Tenn. R. App. P. 3 Appeal as of Right; Judgment of the Chancery Court Reversed
- NEAL MCBRAYER, J., delivered the opinion of the court, in which FRANK G. CLEMENT, JR., C.J., and ANDY D. BENNETT, J., joined. Jacob VanAusdall, Nashville, Tennessee, for the appellant, Poser Investments, Inc. William C. Scales, Jr., Nashville, Tennessee, for the appellee, Bharat Zaver.
OPINION I.
Poser Investments, Inc. sought to domesticate and enforce a Georgia judgment in Tennessee. On June 26, 2017, it filed notice that it was enrolling the foreign judgment under the Uniform Enforcement of Foreign Judgments Act. See Tenn. Code Ann. §§ 26- 6-101 to -109 (2017); TENN. R. CIV. P. 3A.01. As required, Poser Investments filed an authenticated copy of the foreign judgment and an affidavit showing the parties’ names
and last known addresses. See Tenn. Code Ann. §§ 26-6-104(a), -105(a); TENN. R. CIV. 1
- 3A.01. By statute, execution was stayed until 30 days after service of process on the judgment debtors. Tenn. Code Ann. § 26-6-105(c). At the judgment creditor’s request, the Tennessee court entered an “Order on Foreign Judgment.” The court found that all judgment debtors had been served with process, the last one on January 26, 2018. It further noted that the debtors had withdrawn their objections to enrollment and enforcement of the foreign judgment. Thus, the court decreed “that the Georgia final judgment . . . was properly domesticated as of February 26, 2018[,] and is recognized in this Court as a Tennessee judgment for enforcement purposes.” Yet when Poser Investments tried to execute on the domesticated judgment in April 2024, one of the judgment debtors, Bharat Zaver, objected. Mr. Zaver argued that Tennessee’s ten-year statute of limitations for actions on a judgment barred enforcement.
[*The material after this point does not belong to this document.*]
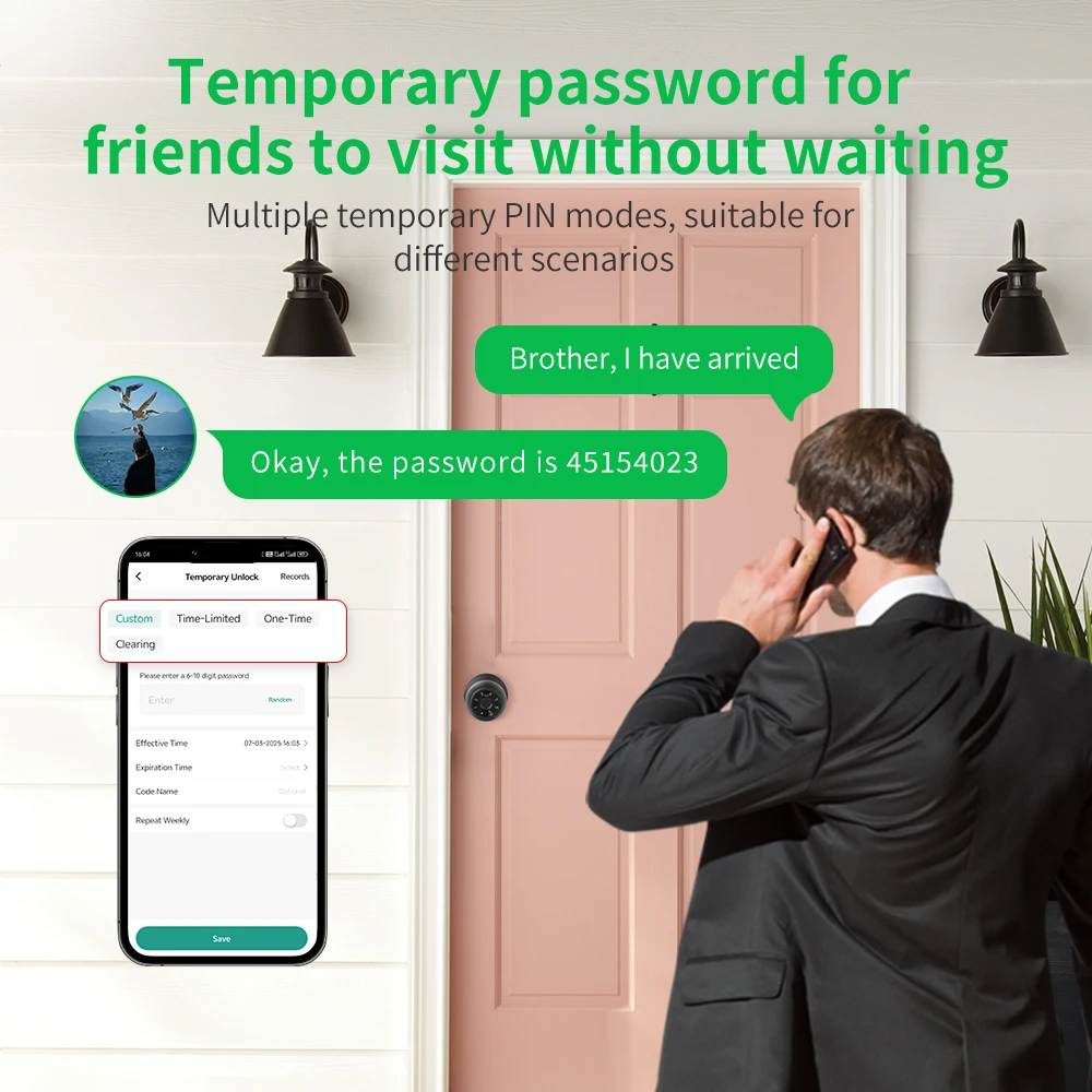 6.This device offers flexible and convenient temporary password functionality, supporting various modes such as one-time and time-limited access. It meets temporary access needs across different scenarios, including visits from friends and family or home service providers. Guests need not download any apps or endure lengthy waits; hosts can remotely share passwords to grant entry authorization. This approach ensures security while significantly enhancing daily convenience and reception efficiency.

See id. § 28-3-110(a)(2) (2017). According to Mr. Zaver, the limitations period began to
run when the Georgia trial court entered the judgment over ten years earlier. Poser Investments countered that a new limitations period began on February 26, 2018, when the foreign judgment was domesticated in Tennessee. Thus, the motion to execute on the judgment lien in 2024 was timely. The trial court ruled that the judgment creditor’s motion to execute was time-barred. It determined that the ten-year limitations period began to run in 2012 when the underlying judgment was rendered in Georgia. This was because Poser Investments chose to enroll and enforce the foreign judgment under the Uniform Act instead of filing a “more formal common law action for enforcement that would [have] result[ed] in a new judgment for purposes of the Statute of Limitations.” The court certified the decision as final and directed Poser Investments to file an appropriate release of the expired judgment lien within 30 days.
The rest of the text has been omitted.